Cellist Yo-Yo Ma emphasizes, “As a musician, you are always working toward something larger than yourself.”

Ma was talking about the core values of the Chicago Symphony Orchestra’s Citizen Musician initiative, which he helped establish in his capacity as the CSO’s Judson and Joyce Green creative consultant. But his words also could describe the members of a cappella ensemble Sweet Honey in the Rock.

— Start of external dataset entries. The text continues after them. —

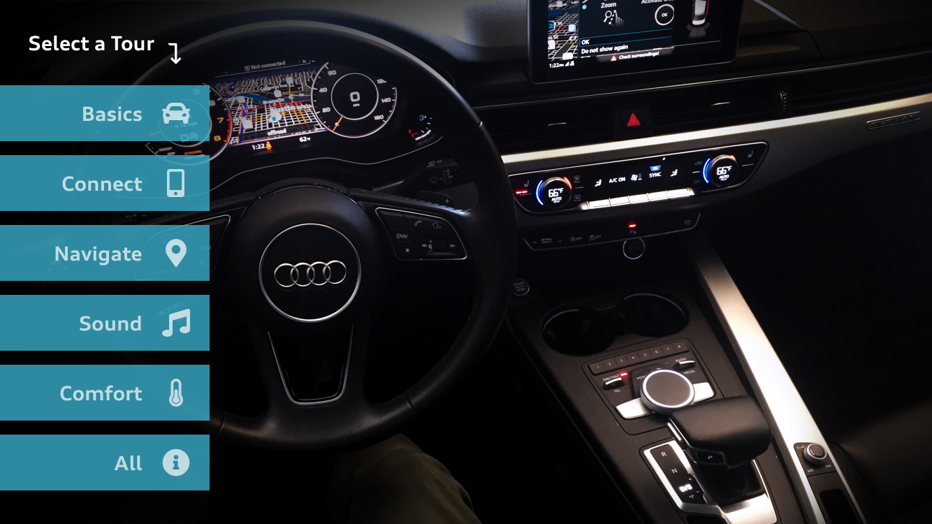Opportunity: Create an augmented information experience for renters, subscribers and potential buyers that allows educational moments providing comfort and confidence when sitting in these vehicles for the first time.
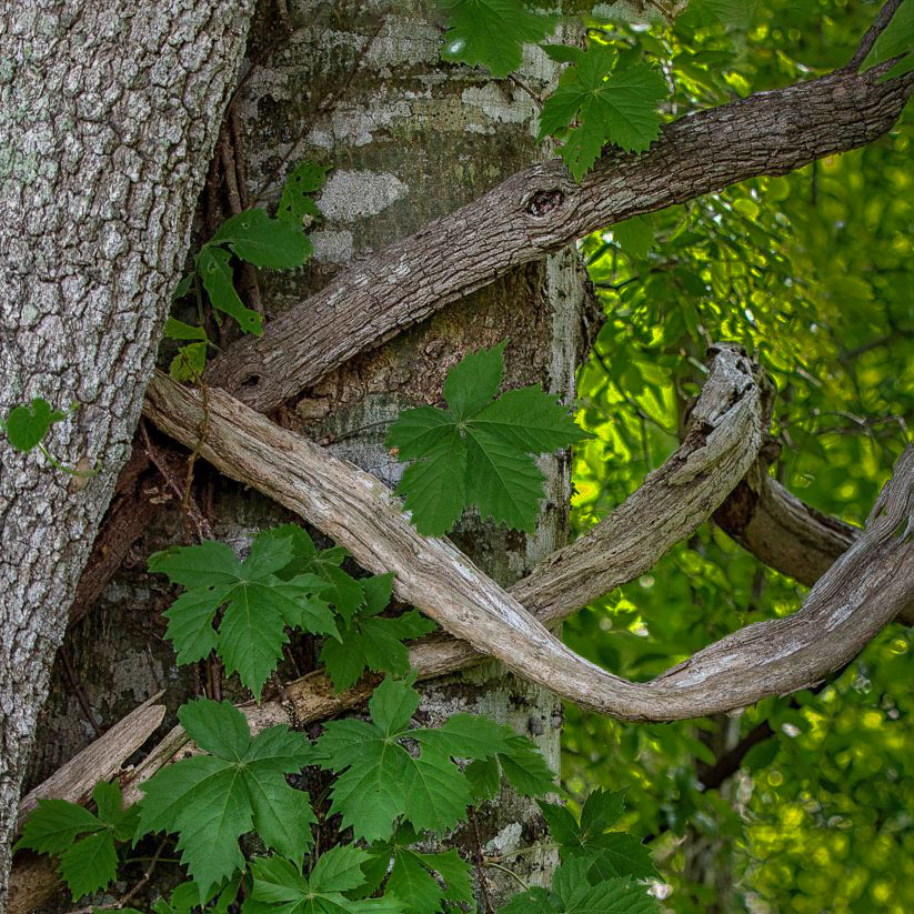 I like the colors and textures and that everything is sharp. The bottom 1/3rd does not add much so I took it into LR and cropped to a square to empathize the intertwining. I also reduced the illuminance of the background to focus the eye more on the subject. The result is in the thumbnail. See if you like it. |
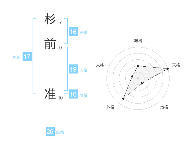 杉前 准さんの天格は16画の5点!
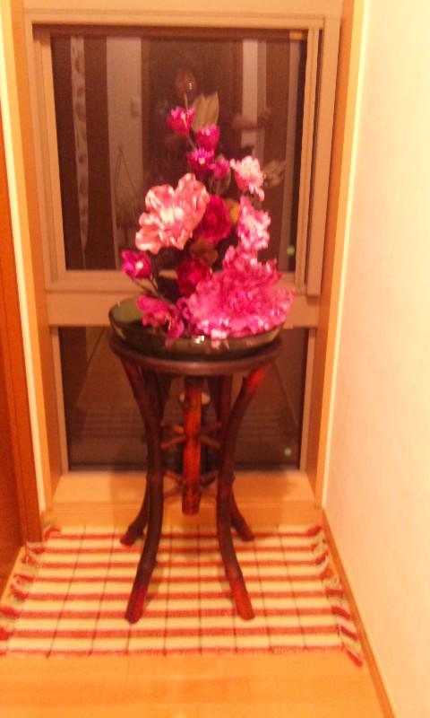 たまたま入ったカフェに素敵な雑貨も売り物として置いていて、セールになっていたので去年衝動買いした花器?です。籐製ですが器が緑のガラスなんです。ホームセンターで買った布製フラワーを飾ってみました。我が家で浮いてる場所かも?
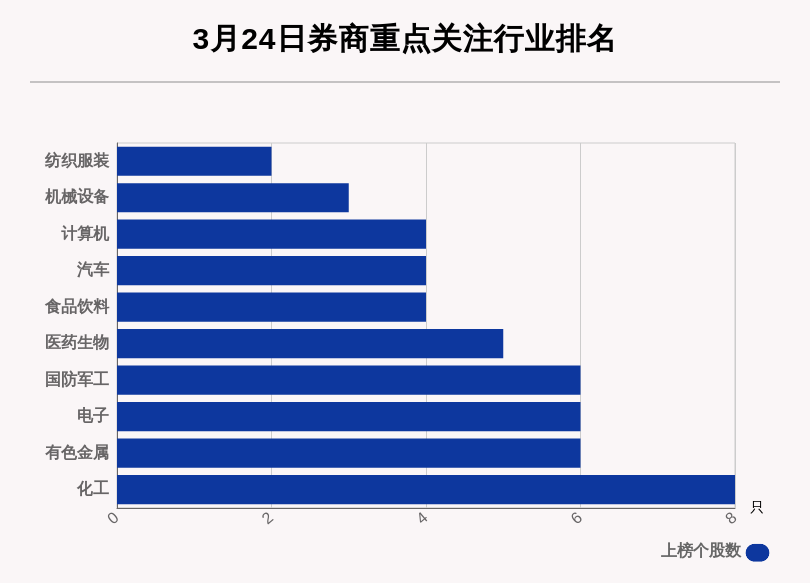 从券商对行业的关注度来看,券商关注个股数居前的行业分别是化工、有色金属、电子。
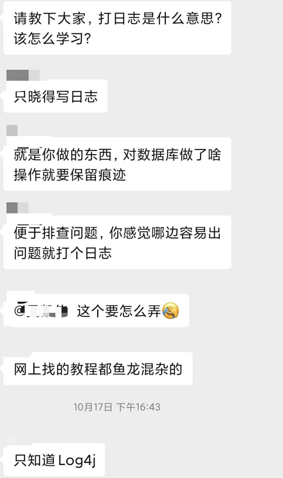竟然有小伙伴不知道“打日志”是什么意思,不知道该怎么学习,还有小伙伴回答说,只知道 Log4j!
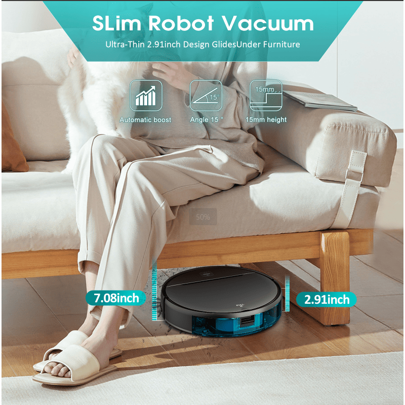 Robot Aspirapolvere 3-in-1 PS181 con Navigazione Laser, Forte Aspirazione 2000Pa, Batteria 2500mAh, Rumore <65dB, Connessione Wifi+APP

When this all-female ensemble comes to Symphony Center on Dec. 7 for an SCP Special Event concert, they will raise the roof with “Sweet Honey in the Rock: Celebrating the Holydays,” a program of American holiday spiritual songs and hymns, as well as songs of the season from other lands and cultures ranging from Africa to Israel.

They also will bring something else to Symphony Center: a commitment to supporting social and humanitarian causes that is as fundamental to Sweet Honey in the Rock as the diverse mixture of blues, African, jazz, gospel and R&B music that the group performs. “People are generally in good spirits, so they want to hear things that are uplifting and remind them of their own celebrations,” said founding member Carol Maillard. “But they also want to hear something new, something that they should be thinking about in terms of politics or social issues and the holidays, and people’s needs, and families and even love.”

For the past 40 years, the women of Sweet Honey have frequently addressed issues like civil rights, immigration and gun violence during their concerts. “We always talk about these things from the stage,” Maillard said. “We make mention we know what’s going on, and we might call a song that relates to that issue.”

In fact, the group was born out of the music of resistance.

Founder Bernice Johnson Reagon, who retired from the group in 2004, first became aware of the political power, or the “rock,” of song while in jail in 1961 for her participation in a civil rights march in her Albany, Ga., hometown. After her release, she became a member of the original Student Non-Violent Coordinating Committee Freedom Singers and a leader in the civil rights movement, traveling the country spreading its songs and its message: “We Shall Not Be Moved.”

Ever since the group’s founding in 1973, the vocalists of Sweet Honey have walked their talk, appearing at numerous political rallies, including demonstrations against apartheid (Reagon and Ysaye Barnwell were arrested at the Free Africa Movement anti-apartheid demonstrations in front of the South African embassy in Washington, D.C.). Sweet Honey was honored to take part in the 1990 celebration tour for activists Nelson and Winnie Mandela, after Nelson Mandela’s release from prison.

Sweet Honey also appeared at the 1979 Musicians United for Safe Energy concerts in New York City that became the “No Nukes” concert film and album. In 2011, Sweet Honey and other MUSE musicians (including Bonnie Raitt and Crosby, Stills & Nash) performed a benefit concert for disaster relief efforts in Japan. The group’s latest release, the two-CD set, “A Tribute – Live! Jazz at Lincoln Center” (SHE ROCKS 5/Appleseed Recordings), salutes some of the great female African-American vocalists, including Abbey Lincoln, Odetta, Miriam Makeba and Nina Simone, whose songs influenced the ensemble.

Sweet Honey has also made a special commitment to the deaf and hearing-impaired community. For decades, the group’s on-stage lineup has included an American sign language interpreter, a position held by Shirley Childress since 1981.

The group co-wrote a song with Grammy-winning songwriter Barry Eastman about SB 1070, the controversial immigration law enacted in Arizona in 2010. The song, “Are We a Nation,” was recorded with hip-hop vocalist Yonas and released in 2012 on Sweet Honey’s own SHE ROCKS-5 label. The song captured a Gold Songwriter Award from the 27th annual Mid-Atlantic Song Contest and was featured on an all-star compilation, “Bordersongs,” that raised money for the No More Deaths organization, which provides water and humanitarian aid along the Arizona/Mexico border.

“With what is happening recently in terms of immigration, we are doing our best to make sure people know about it, or at least get to hear the song, and use it for their events, or play the video at events. That’s something we are pretty vocal about,” Maillard said.

Her words echo those of another musician who believes in going above and beyond the music itself: violinist Anne-Sophie Mutter, who recently said,  “At the end of the day, it’s about what you are as a human being and what you are willing and able to contribute to society, and it has to be more than a concert.”

Sweet Honey in the Rock has embraced this idea for the past 40 years, basing its social activism on the “rock” of music.

Louise Burton is a Chicago-based arts writer.